(Stored data entries)
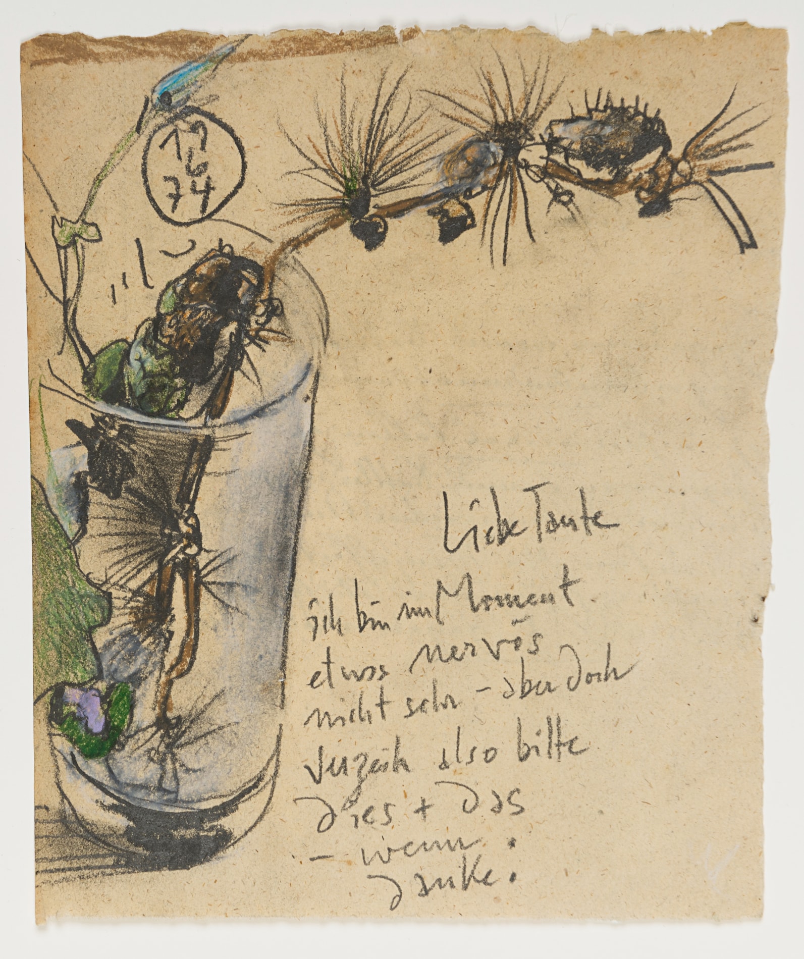 Dated 19/6/74 at the upper left, and extensively inscribed Liebe Tante / ich bin im Moment / etwas nervös / nicht sehr - aber doch / verzeih also bitte / dies + das / - wenn / danke. at the lower centre.
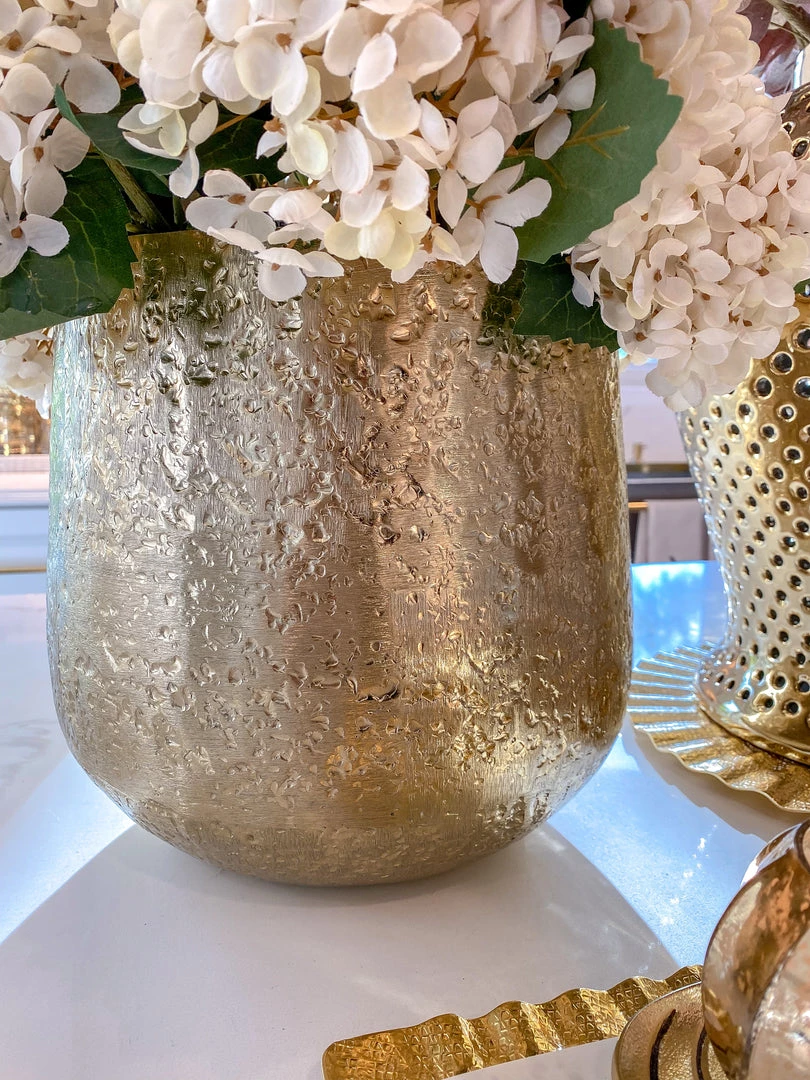 Description: This stunning planter is beautiful and functional and offers a great way to display your favorite plants! This planter is not only completed with a gorgeous hammered finish, but also features a metal insert to protect the interior and your plants!
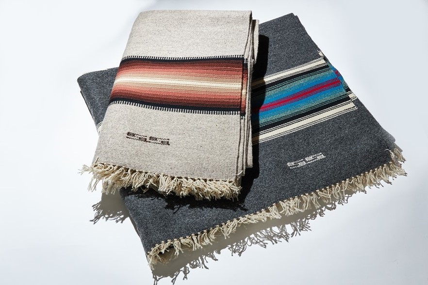 とくに卓越した技術を持ち、自らのイニシャル「SS」を入れることを許された数少ない織り手のひとり。目のしっかり詰まったブランケットは秀逸で小林さんも舌を巻く。各22万円
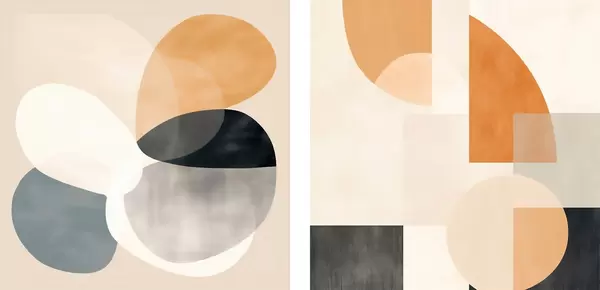Poster Afgeronde kruispunten van vormen in aquarelminimalisme d00993
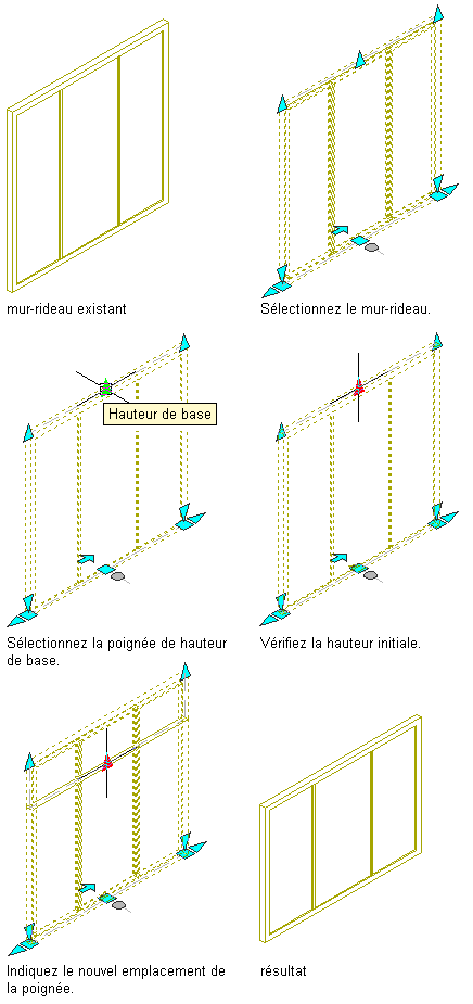 Cette procédure permet de modifier la hauteur de base d'un mur-rideau à l'aide de poignées.
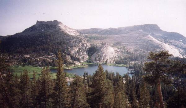 Upper Cathedral Lake from the slopes of Cathedral Peak
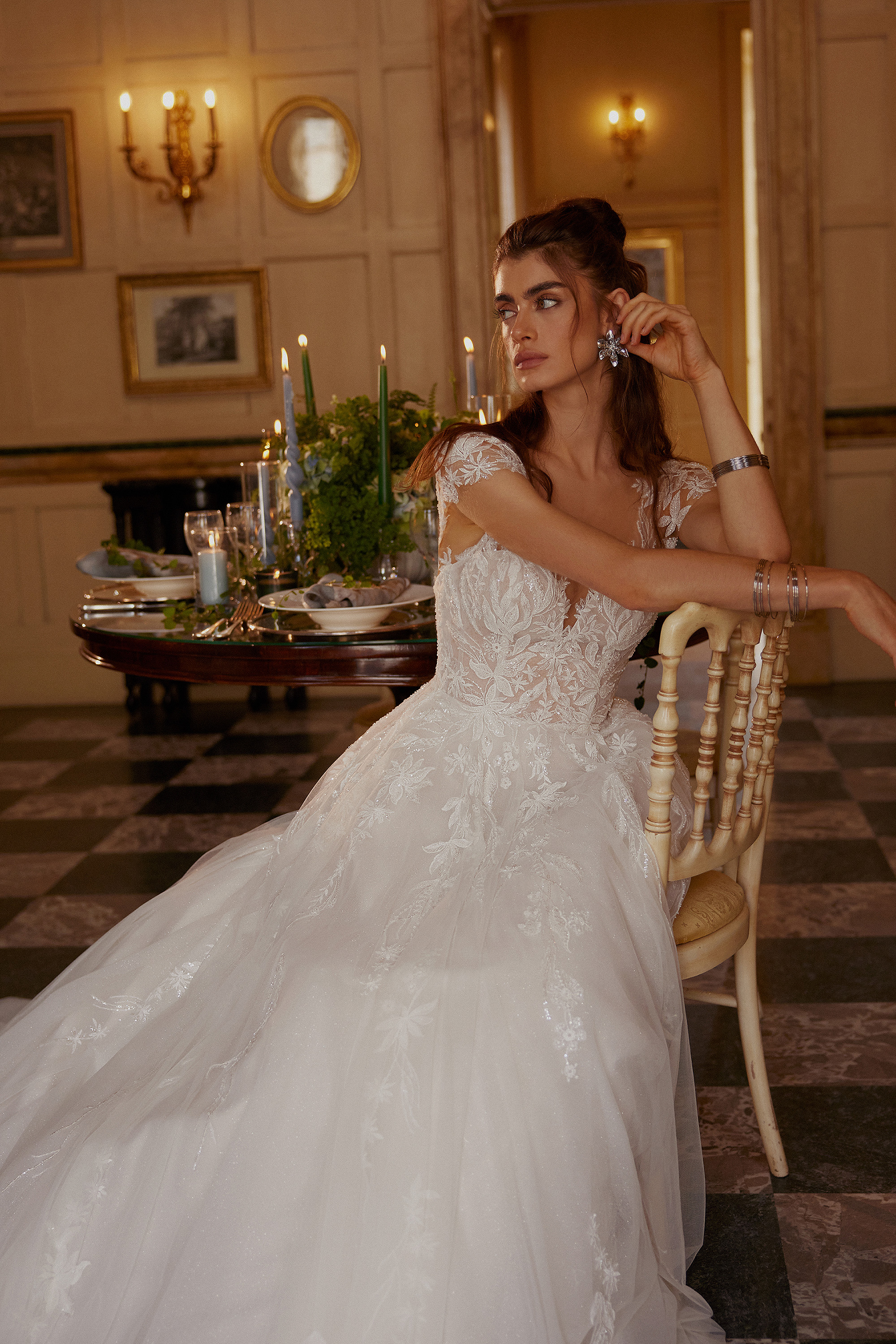 Das Oberteil besticht durch einen Illusionsausschnitt, der von zarter Vintage-Spitze und funkelnden Perlenverzierungen umrahmt wird. Die Cap-Ärmel verleihen dem Kleid eine dezente, feminine Note und unterstreichen den romantischen Stil des Designs. Der tiefe V-Rücken sorgt für eine sinnliche Rückansicht und fügt dem klassischen Look eine moderne und verführerische Note hinzu.
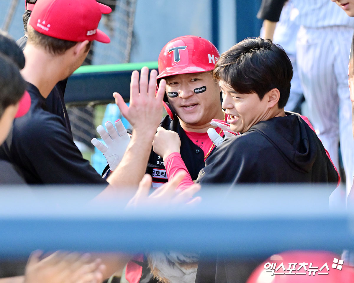 (엑스포츠뉴스 잠실, 김한준 기자) 13일 오후 서울 송파구 잠실야구장에서 열린 '2025 신한 SOL Bank KBO리그' KIA 타이거즈와 LG 트윈스의 경기, 6회초 KIA 최형우가 솔로 홈런을 날린 후 더그아웃에서 축하를 받고 있다.
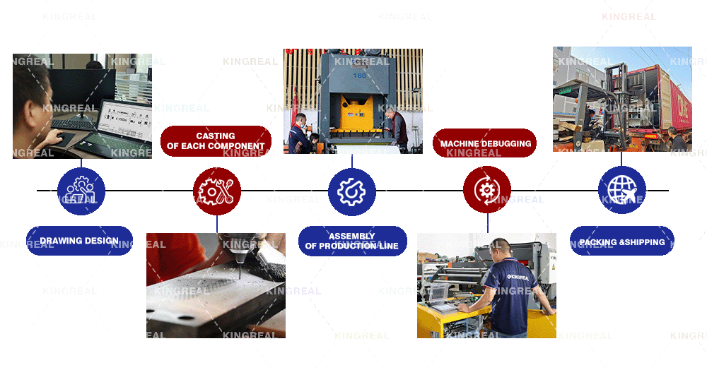 Като професионален производител на оборудване за обработка на бобини, KINGREAL може да осигури цялостно решение, като машина за рязане на рулони и машина за рязане на рулони по дължина. И също така може да осигури производствена линия за изравняване и щанцоване на метални листове за клиента.
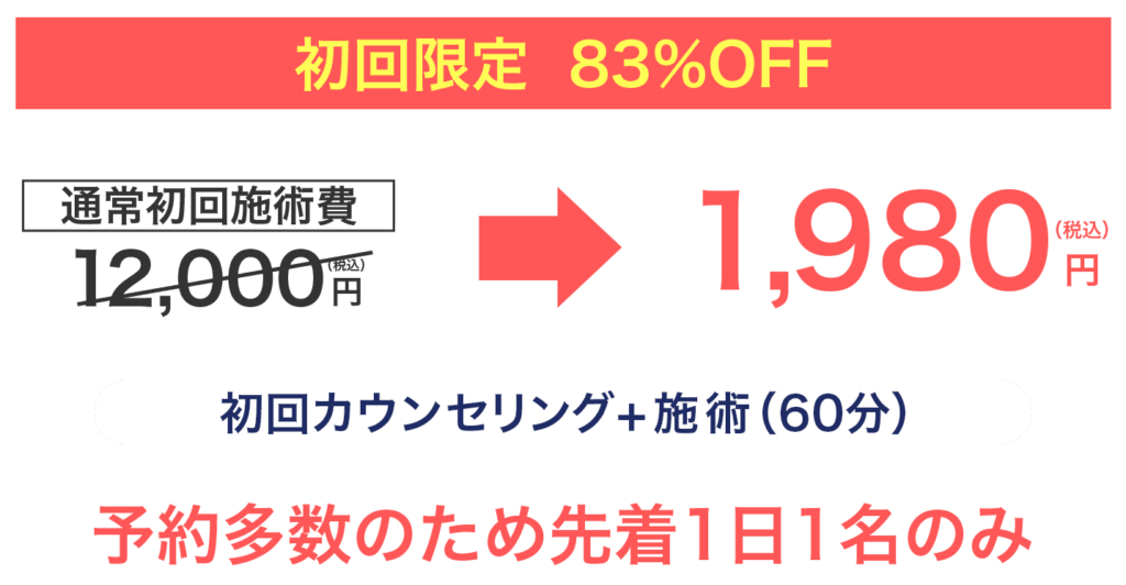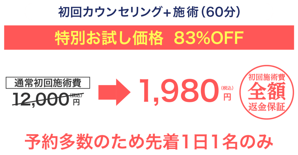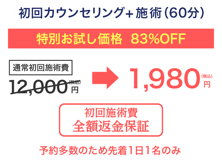 ここまで聞いてまだ不安なあなたへ初回の施術で効果を実感できなければ施術費を全額返金します。
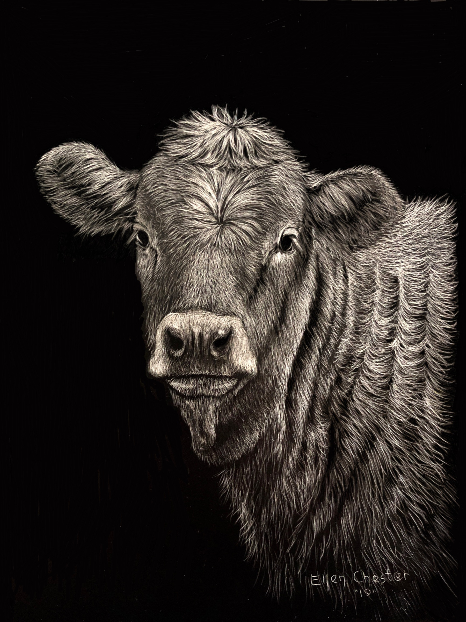 scratchboard cow
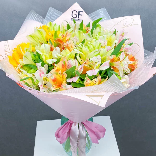 Букет состоит из альстромерии, которую еще называют перуанской лилией из-за внешнего сходства, разнообразное цветовое сочетание, в окружении декоративной зелени. Диаметр букета от 25см до 50см, в зависимости от выбранного варианты букета. Букет перевязан изящным розовым бантом. Обращаем Ваше внимание, что состав и оформление букета может отличаться.

:: What to work on ::
After locating "Poster Afgeronde kruispunten" and "Upper Cathedral Lake" in the records above, return exactly the line holding each one and every line between them; leave out the pictures.

:: Solution to the problem ::
Poster Afgeronde kruispunten van vormen in aquarelminimalisme d00993
 Cette procédure permet de modifier la hauteur de base d'un mur-rideau à l'aide de poignées.
 Upper Cathedral Lake from the slopes of Cathedral Peak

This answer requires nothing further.